[Intel-gfx] [PATCH 5/5] drm/i915: Cancel non-persistent contexts on close

Wed Aug 7 14:33:51 UTC 2019

> -----Original Message-----
> From: Chris Wilson <chris at chris-wilson.co.uk>
> Sent: Wednesday, August 7, 2019 7:14 AM
> To: Bloomfield, Jon <jon.bloomfield at intel.com>; intel-
> gfx at lists.freedesktop.org
> Cc: Joonas Lahtinen <joonas.lahtinen at linux.intel.com>; Winiarski, Michal
> <michal.winiarski at intel.com>
> Subject: RE: [PATCH 5/5] drm/i915: Cancel non-persistent contexts on close
> 
> Quoting Bloomfield, Jon (2019-08-07 15:04:16)
> > Ok, so your concern is supporting non-persistence on older non-preempting,
> engine-reset capable, hardware. Why is that strictly required? Can't we simply
> make it dependent on the features needed to do it well, and if your hardware
> cannot, then the advice is not to disable hangcheck? I'm doubtful that anyone
> would attempt a HPC type workload on n IVB.
> 
> Our advice was not to disable hangcheck :)
> 
> With the cat out of the bag, my concern is dotting the Is and crossing
> the Ts. Fixing up the error handling path to the reset isn't all that
> bad. But I'm not going to advertise the persistence-parameter support
> unless we have a clean solution, and we can advise that compute
> workloads are better handled with new hardware.
> 
> > I'm not sure I understand your "survives hangcheck" idea. You mean instead
> of simply disabling hangcheck, just opt in to persistence and have that also
> prevent hangcheck? Isn't that the wrong way around, since persistence is what
> is happening today?
> 
> Persistence is the clear-and-present danger. I'm just trying to sketch a
> path for endless support, trying to ask myself questions such as: Is the
> persistence parameter still required?

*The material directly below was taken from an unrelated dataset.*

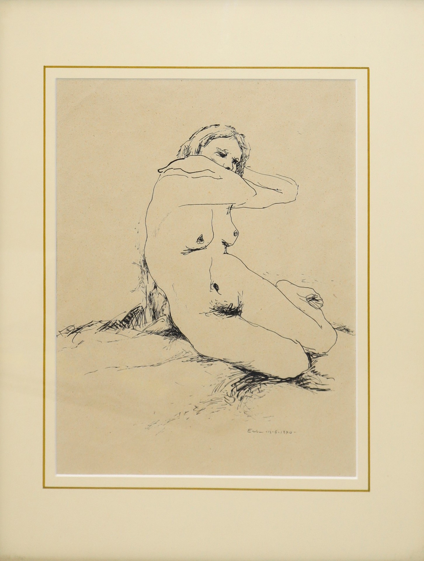 Nudo di donna cm 28 x cm 22; in cornice cm 55 x cm 45 China su carta Firmato e datato 14-05-1970 in basso a destra

What other parameters make sense?
> Does anything less than CPU-esque isolation make sense? :)
> -Chris

I personally liked your persistence idea :-)

Isolation doesn't really solve the problem in this case. So, customer enables isolation for a HPC workload. That workload hangs, and user hits ctrl-C. We still have a hung workload and the next job in the queue still can't run.

Also, Isolation is kind of meaningless when there is only one engine that's capable of running your workload. On Gen9, pretty much every type of workload requires some RCS involvement, and RCS is where the compute workloads need to run. So isolation hasn't helped us.

I'd settle for umd opting in to non-persistence and not providing the automatic association with hangcheck. That at least ensures well behaved umd's don't kill the system.

We didn't explore the idea of terminating orphaned contexts though (where none of their resources are referenced by any other contexts). Is there a reason why this is not feasible? In the case of compute (certainly HPC) workloads, there would be no compositor taking the output so this might be a solution.

Jon